» Saved entries:
....

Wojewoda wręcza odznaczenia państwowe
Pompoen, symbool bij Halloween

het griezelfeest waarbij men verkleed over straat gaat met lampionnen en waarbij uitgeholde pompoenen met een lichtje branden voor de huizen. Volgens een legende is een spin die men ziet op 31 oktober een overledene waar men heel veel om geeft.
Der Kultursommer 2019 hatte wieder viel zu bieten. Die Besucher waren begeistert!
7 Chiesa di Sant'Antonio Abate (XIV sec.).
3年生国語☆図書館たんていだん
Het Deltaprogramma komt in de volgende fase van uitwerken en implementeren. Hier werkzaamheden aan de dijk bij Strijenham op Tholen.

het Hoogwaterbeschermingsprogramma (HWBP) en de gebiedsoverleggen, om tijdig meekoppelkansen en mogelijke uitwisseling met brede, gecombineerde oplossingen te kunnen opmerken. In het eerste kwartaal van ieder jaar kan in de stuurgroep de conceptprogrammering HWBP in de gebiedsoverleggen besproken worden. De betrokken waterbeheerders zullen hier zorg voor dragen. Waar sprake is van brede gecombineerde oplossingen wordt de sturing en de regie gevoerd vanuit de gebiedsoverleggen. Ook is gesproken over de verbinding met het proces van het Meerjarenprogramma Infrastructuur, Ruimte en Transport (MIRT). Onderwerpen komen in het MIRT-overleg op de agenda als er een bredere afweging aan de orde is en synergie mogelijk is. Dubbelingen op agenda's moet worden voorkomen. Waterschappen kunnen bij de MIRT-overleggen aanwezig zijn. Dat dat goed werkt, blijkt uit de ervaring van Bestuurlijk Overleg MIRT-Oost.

....

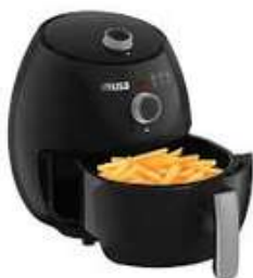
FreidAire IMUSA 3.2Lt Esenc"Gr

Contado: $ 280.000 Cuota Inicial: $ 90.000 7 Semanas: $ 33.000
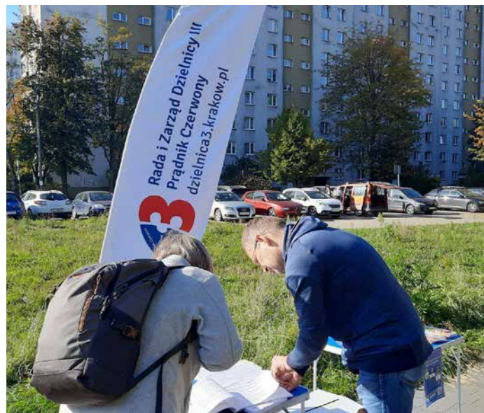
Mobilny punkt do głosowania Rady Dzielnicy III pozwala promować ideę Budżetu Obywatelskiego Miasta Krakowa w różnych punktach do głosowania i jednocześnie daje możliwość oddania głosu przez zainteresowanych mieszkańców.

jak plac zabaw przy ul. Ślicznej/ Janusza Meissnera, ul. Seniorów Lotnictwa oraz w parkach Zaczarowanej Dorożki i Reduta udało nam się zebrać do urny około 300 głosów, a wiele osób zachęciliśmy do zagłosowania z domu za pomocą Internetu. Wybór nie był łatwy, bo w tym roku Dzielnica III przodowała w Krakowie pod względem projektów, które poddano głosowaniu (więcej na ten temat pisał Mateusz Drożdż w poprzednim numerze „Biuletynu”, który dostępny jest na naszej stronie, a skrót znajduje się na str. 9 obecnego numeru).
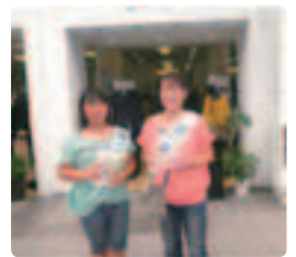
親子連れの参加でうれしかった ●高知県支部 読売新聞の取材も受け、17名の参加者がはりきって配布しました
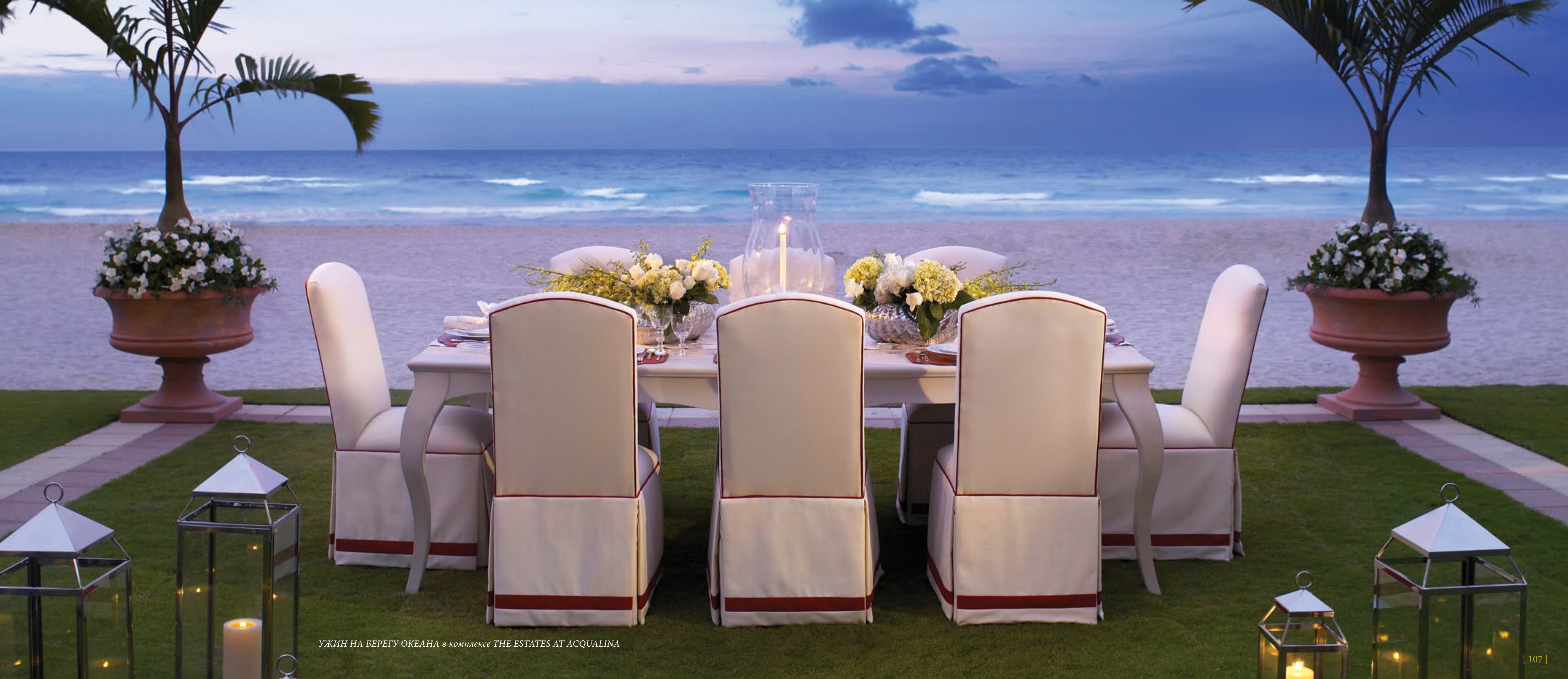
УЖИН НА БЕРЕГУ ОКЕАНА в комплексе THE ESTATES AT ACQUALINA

....

Look above for the line with "3年生国語☆図書館たんていだん" and the line with "het Hoogwaterbeschermingsprogramma (HWBP)", and reproduce exactly those two lines plus every line between, nothing more.

3年生国語☆図書館たんていだん
Het Deltaprogramma komt in de volgende fase van uitwerken en implementeren. Hier werkzaamheden aan de dijk bij Strijenham op Tholen.

het Hoogwaterbeschermingsprogramma (HWBP) en de gebiedsoverleggen, om tijdig meekoppelkansen en mogelijke uitwisseling met brede, gecombineerde oplossingen te kunnen opmerken. In het eerste kwartaal van ieder jaar kan in de stuurgroep de conceptprogrammering HWBP in de gebiedsoverleggen besproken worden. De betrokken waterbeheerders zullen hier zorg voor dragen. Waar sprake is van brede gecombineerde oplossingen wordt de sturing en de regie gevoerd vanuit de gebiedsoverleggen. Ook is gesproken over de verbinding met het proces van het Meerjarenprogramma Infrastructuur, Ruimte en Transport (MIRT). Onderwerpen komen in het MIRT-overleg op de agenda als er een bredere afweging aan de orde is en synergie mogelijk is. Dubbelingen op agenda's moet worden voorkomen. Waterschappen kunnen bij de MIRT-overleggen aanwezig zijn. Dat dat goed werkt, blijkt uit de ervaring van Bestuurlijk Overleg MIRT-Oost.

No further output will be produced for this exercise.